RLPF is a good “baseline” linear filter – clean and reliable. But if that were enough, then VST plug-in companies wouldn’t spend research money emulating the “dirtiness” of analog filters. “Dirty” filters are musically useful.

As for the special-case filters, if you don’t need them, then don’t worry about them. I’ve never used SOS for a musical purpose. You can calculate biquad coefficients matching RLPF, and then SOS can give you the same result as RLPF, but there’s no need to do that.

(But, e.g., HPZ1 is very useful for measuring changes in control signals – for example, if you want a trigger when a Phasor or LFSaw resets to its starting point, HPZ1.ar(phasor) < 0 does the job.)

There may be some subtle differences in frequency response between BLowPass and RLPF. I never investigated that.

Lowpass and low shelf are totally different frequency responses. They aren’t compatible at all.

For controlling the low end, yes, you can use a low shelf with negative gain. (I usually use a highpass filter with some resonance.)

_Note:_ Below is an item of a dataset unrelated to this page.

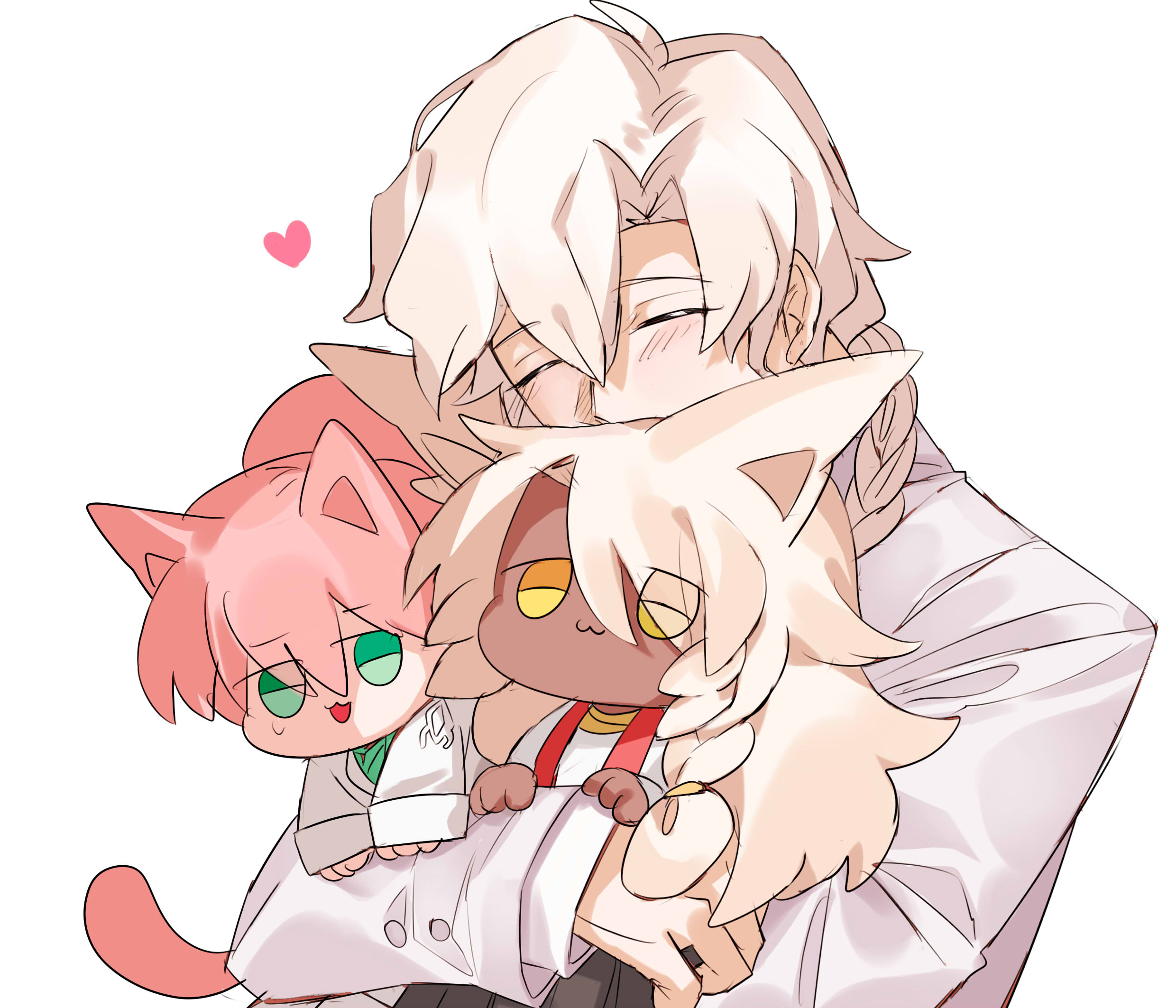 3boys :3 animal_ears braid cat_ears cat_tail chibi dark-skinned_male dark_skin closed_eyes fate/grand_order fate_(series) green_eyes hair_over_one_eye hair_over_shoulder han12sara heart highres hug long_sleeves male_focus marisbury_animusphere multiple_boys ponytail romani_archaman simple_background single_braid solo_focus solomon_(fate) sweat tail upper_body white_background white_hair yellow_eyes

Typically, a low pass filter’s gain at the lowest frequencies is unity – there is no way to force a (R)LPF to boost or cut the lowest frequencies.

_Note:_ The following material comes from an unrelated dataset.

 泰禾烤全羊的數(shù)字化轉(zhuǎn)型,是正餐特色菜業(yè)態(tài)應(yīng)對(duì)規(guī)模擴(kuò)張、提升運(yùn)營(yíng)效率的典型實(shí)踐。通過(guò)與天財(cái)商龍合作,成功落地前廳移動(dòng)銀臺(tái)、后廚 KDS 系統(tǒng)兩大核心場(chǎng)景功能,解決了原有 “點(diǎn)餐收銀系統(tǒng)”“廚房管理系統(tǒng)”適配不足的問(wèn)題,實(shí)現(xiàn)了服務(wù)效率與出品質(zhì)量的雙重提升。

I’d expect not much difference unless resonance is high.

hjh

Hi,

a basic question would be if you want a filter for clearly defined tasks / properties or if you want to experiment with the filter concept to search for new stuff: the filter as a main source of sound synthesis / sound transformation (clearly my preference, as, at least for my purposes, the basic “filter jobs” are well done by the main SC implementations).

You can use the Fb1 class from miSCellaneous_lib for both, implementations of special well-researched filter types (a) or more experimental ones (b).

As an example for (a) see a TPT filter implementation:

As an example for (b) see the Dobson-Ffitch filter:

In my recent Berlin workshop I gave a gui example of Dobson-Ffitch, it’s Ex. 2c in the file

UOS_04_single_sample_feedback.scd

contained in this zip:

https://daniel-mayer.at/materials/Berlin_2020/UOS_2020_TUBerlin.zip

You could also explore the concept of “filtered maps” as described by Risto Holopainen:

https://www.researchgate.net/publication/263905411_LOGISTIC_MAP_WITH_A_FIRST_ORDER_FILTER

and do it with any non-linear map

Clearly such weird filters are, in general, highly unstable, so when experimenting please note the possibility of blowups and consider the option of using sigmoid functions in the feedback loop (as described in the Dobson-Ffitch example).

Thanks everybody for the answers. I need some time to digest everything you said but I surely will come up with more questions

hey I bring back this topic as used to UVI Shade filter that brings very interesting filter shapes (phaser, flanger and more)

UVI Advanced filter

is there a way to obtain the same result with supercollider ?

thanks =)

I just been playing with the comb so rich is there a way to create a formant like filter or better to combine comb and formant ?

(SynthDef(\comb,{|dur|Out.ar(0,CombN.ar(Saw.ar(LFNoise0.kr(1.2875).range(40,2000), mul:EnvGen.kr(Env.perc(releaseTime: dur),doneAction: 2)),2,MouseX.kr(0.001,0.1),4));}).add;)




Pbind(\instrument, \comb, \dur, 0.1).play

=D

found the Vowel class in Quarks Library!!